For reasons that I don't know but are probably to do with licensing and/or Hollywood egos, the interior art wasn't allowed to use Stallone's likeness.
But that turns out to be a good thing. The first 4 pages are particularity great. The Judge uniforms and Lawmasters are movie-specific, but otherwise the linework, angles, and colours all work together to make it feel like a proper Ezquerra 2000 AD strip. It's easy to imagine that the city and its people will feel similarly. But then Dredd appears in full on Page 5 and the illusion begins to crack... 🙁
I'm the type of reader who 'hears' a character's voice in my head as a I read their words. Logic says I should hear an approximation of Stallone's voice, but I chose to ignore logic. Instead, I gave Dredd the inner-voice that I've gave to him for 30+ years. That helped for a time.
The helmet comes off on Page 16. I was expecting it, having seen the movie. The story suffers just as much from that point on as it did onscreen, but it'll be interesting to folks who've ever wondered what Ezquerra's interpretation of comicbook Joe's face might have been like.

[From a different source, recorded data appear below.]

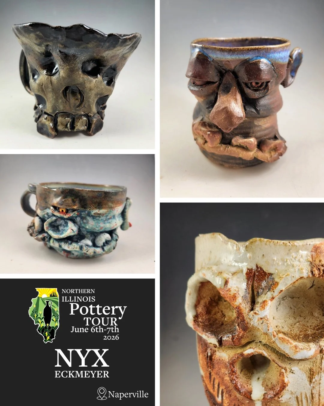 Nyx Eckmayer is interested in the interplay between sculpture, modeling, and functional ceramic work. They draw inspiration from Dungeons and Dragons, Muppets, working in the haunted house industry, alternative culture, and the American folk-art tradition of face jugs. Nyx’s work has a variety of firing styles and finishes; They strive to make each of my pieces an individual work of art. They do this to emphasize the diversity of individual experiences that make up our society.
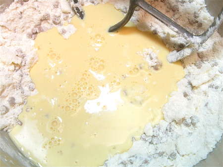 Pour the liquid mixture into the dry ingredients.
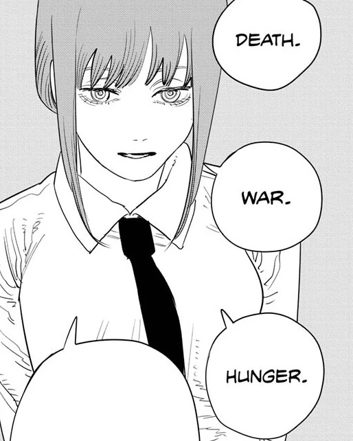 Makima reveals the existence of the Four Horsemen amid her presumed fight against Chainsaw Man, describing how she, the other three Horsemen, and the Weapon Devils fought against Pochita in Hell until the battle abruptly ended, when Pochita vanished before their eyes. With the Weapon Hybrids present, she announces that the interrupted battle can finally be brought to an end, as she orders the Hybrids to attack Chainsaw Man.[116]

The story plays out pretty much the same as it did onscreen, with the added benefit of not having to suffer Rob Schneider in the scenes with Fergie. And yes, the ending still sucks.
Surprisingly, the movie version of Dredd lived on for a while after the movie itself tanked, in the Judge Dredd: Lawman of the Future (1995-96) fortnightly comic published by Fleetway, which lasted for 23 issues and a single Action Special. Equally surprising: it's not half-bad.
[1] Even though the page count of '80' is technically accurate (minus the copyright info page, etc), this a Rebellion publication, so you're not actually getting 80 pages of the promised content. The adaptation begins on Page 04 and ends on Page 67. Afterwards you get Trinity (Author: Ken Niemand | Illustrator: Richard Elson), first printed four years ago in 2000 AD Prog 2262. It has some relevance to the movie, so isn't just shameless filler on this occasion.